Конечно, Николаю Всеволодовичу следовало быть осмотрительнее в выборе первого читателя. Не решившись сразу, как только был ввезен тираж, или спустя время, когда бы уже позволяли обстоятельства, послать «листки» в «редакции всех газет» и прибегая в лице Тихона к духовной цензуре, автор исповеди менее всего искал литературной оценки и менее всего ожидал ее здесь найти. Будь он повнимательней и поспокойней в то утро, он бы заметил странное для монаха убранство двух комнат, составлявших келью, — с богатейшим покойным креслом и письменным столом превосходной отделки, изящным резным книжным шкафом и дорогим бухарским ковром, гравюрами светского и мифологического содержания рядом с древними иконами. Ему бы приглядеться к книжному шкафу и к письменному столу, рассмотреть книги, окружавшие старца, почувствовать атмосферу особого монашеского комфорта, где протекает покойная, созерцательная жизнь тонкого эстета, наполненная изысканными художественными впечатлениями. Ему бы понять, что старец, увлекающийся сочинениями великих святителей наряду с театральными пьесами и историческими романами, прошел высокую школу словесного мастерства и сохранил неугасимый артистический инстинкт («Вековые традиции литургической поэтики и святоотеческих творений приучили его к изысканным и пышным облачениям византийского стиля даже во всевозможных покаяниях и душевных сокрушениях.
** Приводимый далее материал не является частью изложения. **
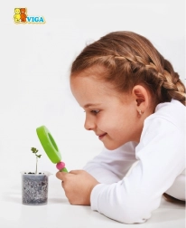 - Umożliwia dzieciom obserwację powiększonych detali roślin, owadów oraz śladów ludzi i zwierząt.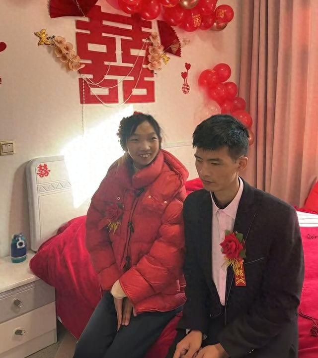 新郎患有小儿麻痹症, 新娘智力残疾,据悉智力相当于6岁儿童。 两个苦命的孩子抱团取暖, 何尝不是一种幸福的婚姻。
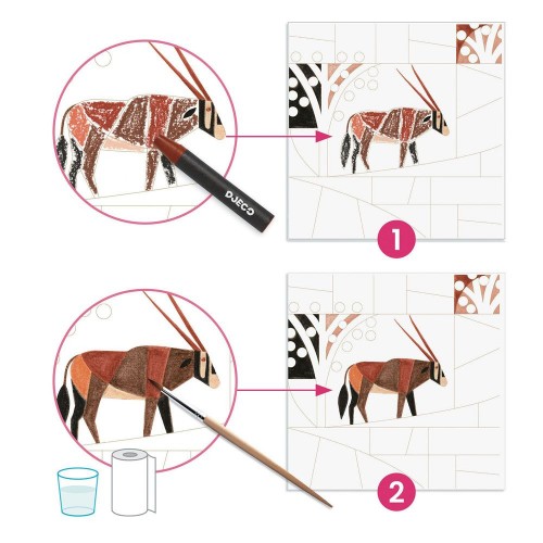 - 4 ілюстровані картки (20 х 20 см); - 12 акварельних воскових олівців; - 1 пензлик; - 1 кольоровий буклет з покроковими поясненнями.

Блистательное красноречие и узорновыразительный слог поэтов — богословов, искусившихся в многосторонней разработке эротической темы со всеми ее разжигающими соблазнами и темными провалами, сразу же обнаруживают пред этим зорким читателем Исаака Сирина или Василия Великого…»[271]). Ему бы заподозрить в Тихоне не «шпиона и психолога», из тех, что грубо лезут в душу, а многоопытного ценителя литературы…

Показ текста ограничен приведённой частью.